Last year it was bunnies; this year it’s deer.

At least one deer has to be the culprit behind the gradual destruction of our garden. In fact, it left some clear evidence behind during its last visit, if you get my drift. This was no bunny.

The first event was pretty devastating. Something managed to get past our fence. It trampled the squash, zucchini and cucumbers, eating many of those leaves. It ate the tops off the tomato plants along with numerous green tomatoes. Most of the tomatoes it didn’t eat it knocked to the ground.

The tops of the bean plants were bitten off. The okra plants were stripped of about half of their leaves. At the same time, I noticed the entire top of a nearby ornamental shrub had been nibbled away.

My husband, Mike, and I were shocked and disappointed, but we kept our cool. We harvested the squash, cucumbers, lettuce and beets that we could salvage. Then we cleaned up the mess. We removed smashed leaves, and I trimmed damaged stems from all the plants so they could devote their energy to making their best parts better and recovering from the attack.

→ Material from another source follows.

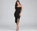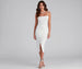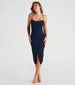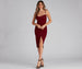 A formal midi dress is the perfect go-to for that upcoming cocktail affair or as a wedding guest. Wow in the captivating Ashlyn dress features a flattering cowl neckline. spaghetti straps that lead to a cross-back design. and a high waist seam. She's designed with a gorgeous wrap bodycon silhouette with a front slit accent and a midi-length hem. The dress is composed of a lined crepe fabric with a moderate stretch. Complete your formal outfit with rhinestone heels and a tennis bracelet.

We also built up our fence a little higher, adding caution tape to give it a little extra height and some movement in the wind. And Mike installed a motion light that illuminates most of the garden.

We thought we had the problem solved. A week or 10 days went by with no further trouble.

But then one day we went to water the hanging basket under the deck that had been heavy with dozens of green cherry tomatoes.

Bam! Another shock.

Nearly all of the tomatoes were gone, and the ends of many branches had been bitten off.

Now, we were angry.

But, OK, maybe we should have realized the deer would go for that hanging plant if it couldn’t get into the garden.

So, again, we muttered some choice words under our breath and set out to solve the problem. We moved the tomato basket to our elevated front porch and hung it from the ceiling behind the porch swing. If a deer can get to it now, the animal deserves every bite it gets and should be on TV.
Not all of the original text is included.